Перевод с английского В. А. Неделина.

Ну, да! Я нервен, нервен ужасно - дальше уж некуда; всегда был и остаюсь таким; но откуда вы взяли, что я - сумасшедший? Болезнь лишь обострила мою восприимчивость, а не нарушила, не притупила ее. Особенно же изощрился мой слух. Я слышал все сущее в небесах и в недрах. Я слышал многое в преисподней. Какой же я сумасшедший? Вот послушайте только! да заметьте, как здраво и гладко поведу я свой рассказ.

Затрудняюсь определить, как этот замысел пришел мне на ум; но, как только возник, мне не стало от него покоя ни днем, ни ночью. Сам старик тут был ни при чем. Никакого взрыва ненависти не было и в помине. Я любил старика. Он мне ничем не досадил. Не обидел меня ни разу. На деньги его я не зарился. По-моему, все дело в этом глазище… - ну да! именно в нем. Один глаз у него был точь-в-точь, как у грифа, - водянисто-голубой, подернутый блестящей пленкой. Когда он смотрел на меня, у меня каждый раз кровь стыла в жилах, и вот, как-то незаметно, не сразу, я и додумался прикончить старика, чтоб не видать больше этого глаза вовеки.

А теперь - главное, вы вообразили, будто я сошел с ума. Но сумасшедшие же ничего не смыслят. А посмотрели бы вы на меня! Посмотрели бы вы только, до чего хитро все было обдумано, как все учтено, предусмотрено заранее, до чего ловко я прикидывался, затеяв это дело! Никогда еще я не был так добр к старику, как последнюю неделю до убийства. По ночам же, около полуночи, я отпирал замок на его двери и чуть открывал ее…о, совсем неслышно! Приотворив настолько, что пройдет голова, я просовывал в дверь потайной фонарь, закрытый со всех сторон, так что свету не просочиться, а уж тогда просовывал и голову. Ох, и посмеялись бы вы, если б видели, до чего же ловко я ее просовывал! Я продвигался вперед медленно… бесшумно, чтоб не спугнуть сон старика.
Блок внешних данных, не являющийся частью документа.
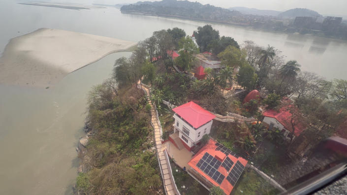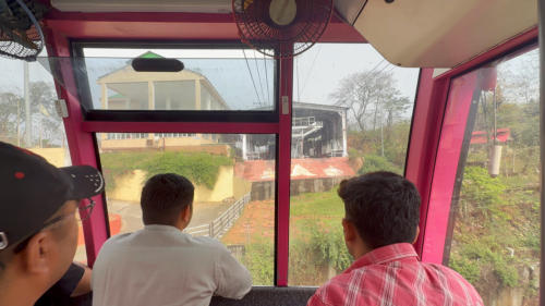 Hier in Guwahati unweit unseres Hotels gibt es eine Seilbahn über den Brahmaputra. Die Seilbahn ist 1800 m lang. Natürlich haben Günter und ich die Seilbahnfahrt wahrgenommen. Danach haben wir eine kleine grüne Oase, den Nehru Park, aufgesucht. Und am Nachmittag sind wir noch einmal durch den Ort gebummelt.

Чтобы просунуть голову в дверь настолько, что станет видно старика на постели, уходил час. Ха! хватило бы ума у сумасшедшего на такие штуки? А затем, когда голова уже проникнет к нему в комнату, я осторожно приоткрывал фонарь… да, да, осторожно, осторожно (потому что железные петли чуть поскрипывали) и ровно настолько, чтобы пропустить один-единственный луч, который и направлял на это его грифово око. И такие штуки я проделывал семь бесконечных ночей подряд, всегда ровно в полночь; но глаз оказывался закрытым, и свершить задуманное было немыслимо, потому что не сам же старик донимал меня, а только его Дурной Глаз. А по утрам, только займется день, я входил к нему как ни в чем не бывало, подбадривал его, дружески окликал по имени и интересовался, как он провел ночь. Так что, как видите, старик должен был просто читать в мыслях, чтобы заподозрить, что еженощно, ровно в двенадцать, я подглядываю за ним в дверь, пока он спит.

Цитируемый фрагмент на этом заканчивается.